▶ **DATASET EXCERPT**:
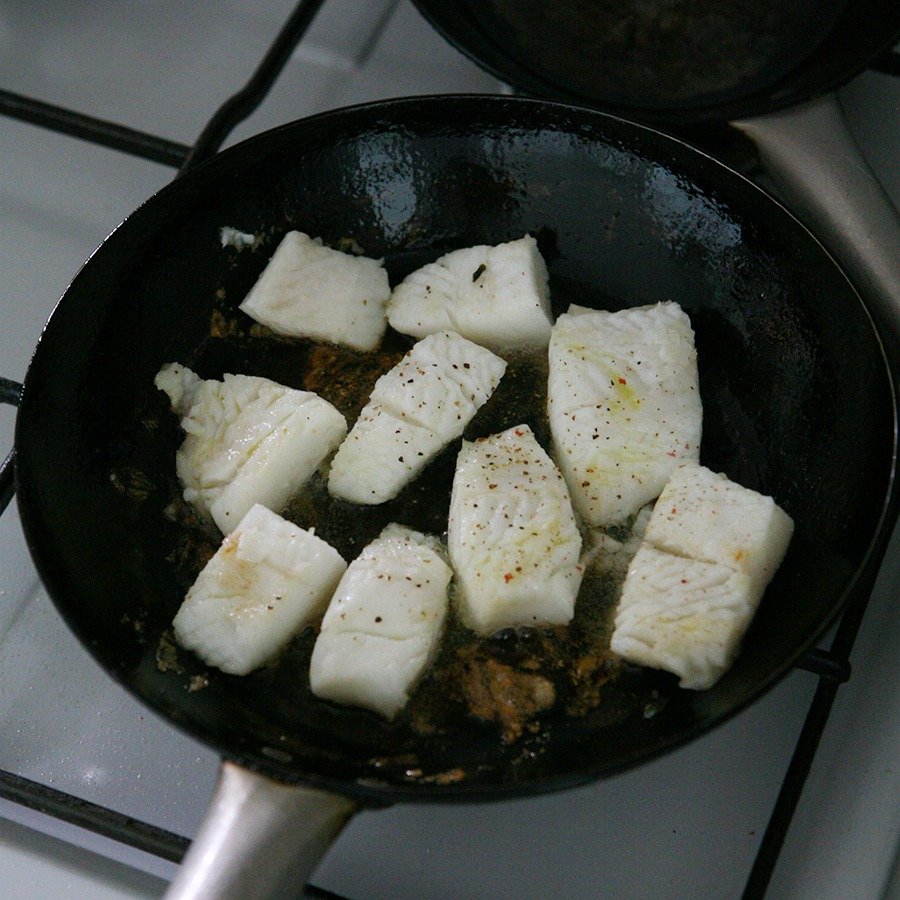 2. 프라이팬에 올리브 오일을 뿌리고 가자미를 구워요. 양면을 노릇노릇하게 익히며 후추를 뿌리고 소금간을 합니다.
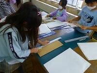 6年生は家庭科でトートバッグを作ります。今日は布に印をつけたり,仮止めをしたりしています。どんな作品ができたのか,後日お伝えしたいと思います。
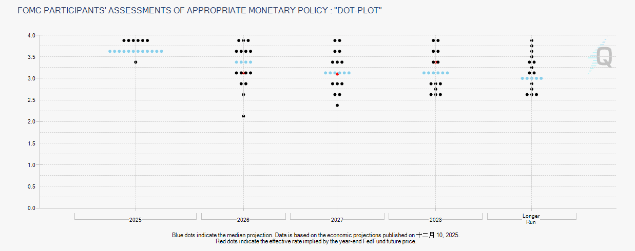 ● Úpravy očekávání trhu a rychlost ukazují, že obchodníci téměř vyloučili možnost snížení sazeb v lednu, naděje na snížení sazeb na začátku roku byla v podstatě zmařena. Po celý rok trh stále očekává, že Fed sníží sazby přibližně o 50 bazických bodů v roce 2026, ale časování snížení bylo odloženo. Očekávaný čas prvního snížení sazeb se posunul z začátku roku na červen.

▶ **YOUR TASK**: The data above must be given again in full and unaltered, minus its images.

▶ **OUTPUT BELOW**:
 2. 프라이팬에 올리브 오일을 뿌리고 가자미를 구워요. 양면을 노릇노릇하게 익히며 후추를 뿌리고 소금간을 합니다.
 6年生は家庭科でトートバッグを作ります。今日は布に印をつけたり,仮止めをしたりしています。どんな作品ができたのか,後日お伝えしたいと思います。
 ● Úpravy očekávání trhu a rychlost ukazují, že obchodníci téměř vyloučili možnost snížení sazeb v lednu, naděje na snížení sazeb na začátku roku byla v podstatě zmařena. Po celý rok trh stále očekává, že Fed sníží sazby přibližně o 50 bazických bodů v roce 2026, ale časování snížení bylo odloženo. Očekávaný čas prvního snížení sazeb se posunul z začátku roku na červen.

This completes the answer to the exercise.